«Festa del 2 giugno politicizzata dalla giunta Marzi»

MUGGIA. «Il 2 giugno è la festa della Repubblica italiana e non delle idee comuniste del sindaco Marzi, dell’assessore Decolle e della maggioranza». Parole al vetriolo quelle di Andrea Mariucci di Forza Muggia, criticato con i colleghi di partito Stefano Norbedo e Giulia Demarchi per l’assenza durante le celebrazioni della recente Festa della Repubblica a Muggia. «Personalmente non sono riuscito a prendere parte alle celebrazioni e alla consegna della Costituzione ai neomaggiorenni, un appuntamento istituzionale che in situazioni normali per me sarebbe più che condivisibile: per volontà della sinistra però la cerimonia del 2 giugno, grazie ad una delibera di Consiglio votata solo da una parte, vede anche la consegna della futuribile e inutile “attestazione virtuale di cittadinanza” per ragazzi stranieri nati in Italia», spiega Mariucci: «Crediamo tuttora che sia stato un errore il voler politicizzare un appuntamento istituzionale come questo». Puntuale la risposta di Decolle: «Il consigliere Mariucci è confuso o cerca di confondere, ma i fatti sono chiari.

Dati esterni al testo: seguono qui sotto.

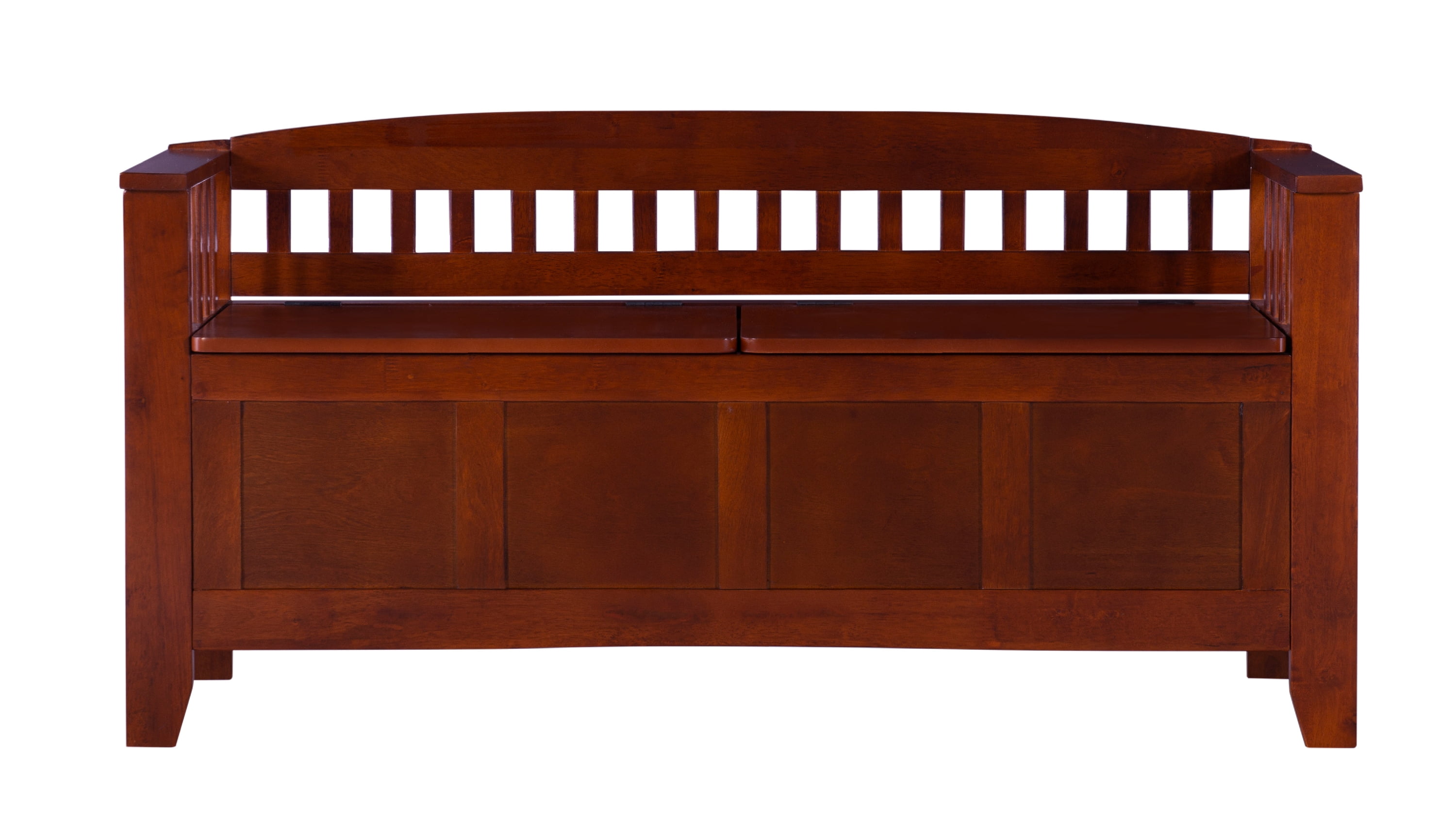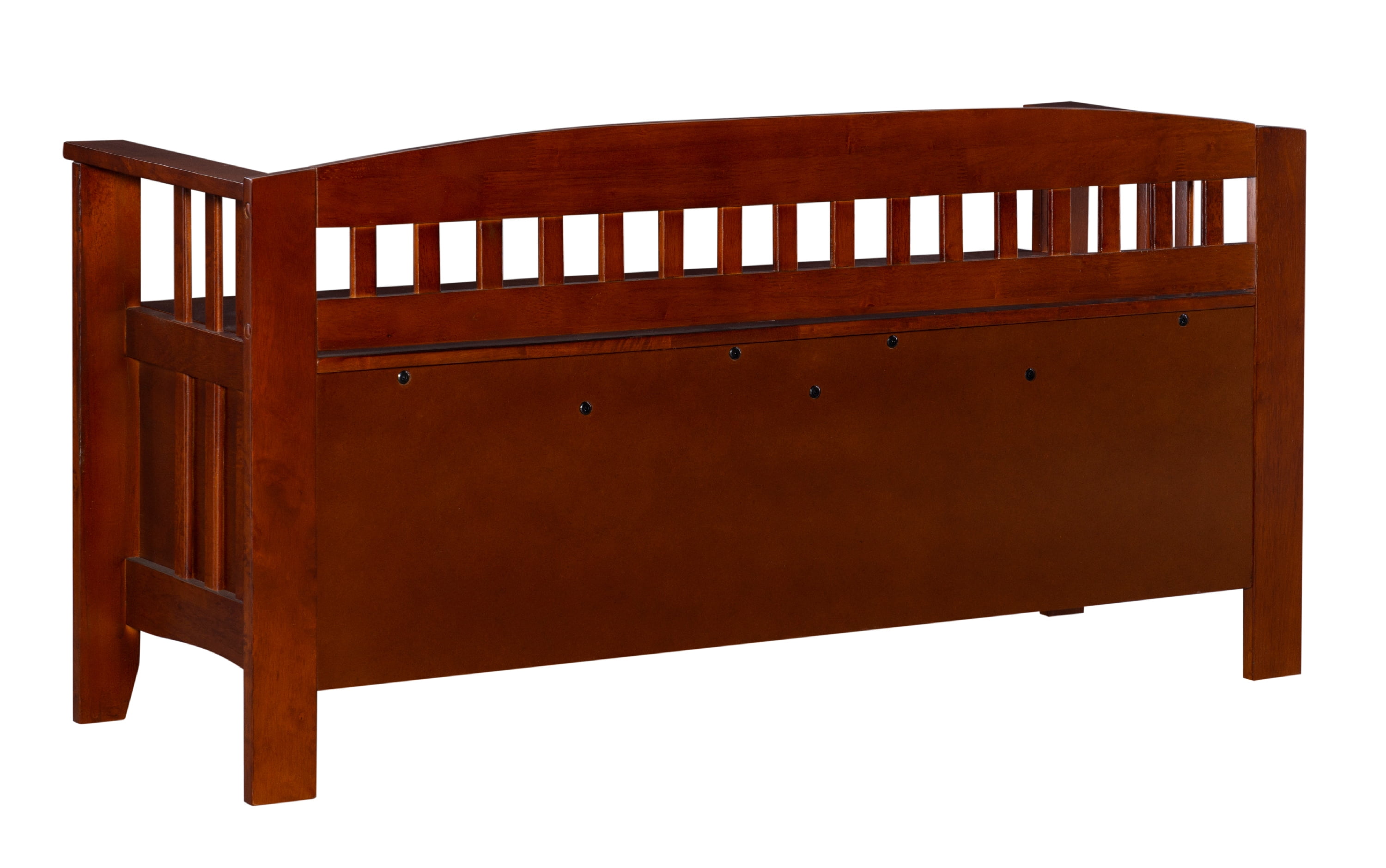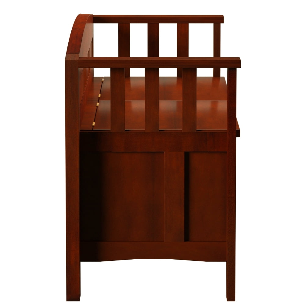 Walnut finish Features a split seat Slat designed low back and sides Solid and durable construction from rubberwood and rubberwood veneers over particleboard Easy to assembly Seat Dimensions: 17″ Seat Height, 21.93″ x 14.37″ x 0.59″ Storage Compartment Dimensions: 44.57″ x 14.45″ x 10.24″ Weight Limit: 275 lbs. Assembled Dimensions: 50″ w x 17″ d x 25.25″ h Ships in 1 box

Il 14 maggio, a tutti i membri del Consiglio veniva ricordato che in occasione della Festa della Repubblica avrebbero avuto luogo delle letture di parti della Costituzione. Si invitavano, quindi, i capigruppo a voler cortesemente individuare dei lettori in modo che due provenissero dalla maggioranza e due dall’opposizione». Ma cosa è successo poi? Dalle mail inviate alla segreteria del Comune, ricostruisce Decolle, si evince come il 21 maggio il capogruppo forzista Norbedo abbia segnalato che a presenziare sarebbe stato il consigliere Mariucci. Il 29 maggio Mariucci ha invece risposto che, diversamente da come comunicato dal suo capogruppo, suo malgrado era costretto a dover revocare la propria disponibilità a presenziare. «Con un preavviso di tre giorni – incalza Decolle – il consigliere ha revocato la propria disponibilità senza addurre, peraltro, alcuna motivazione, motivazione che ora riconduce alla politica con la “p” minuscola, fingendo di non sapere, nonostante la sua lunghissima esperienza, che in sede di Consiglio avrebbe potuto presentare interpellanze, interrogazioni, mozioni e avanzare ogni sua perplessità».—Ri.To.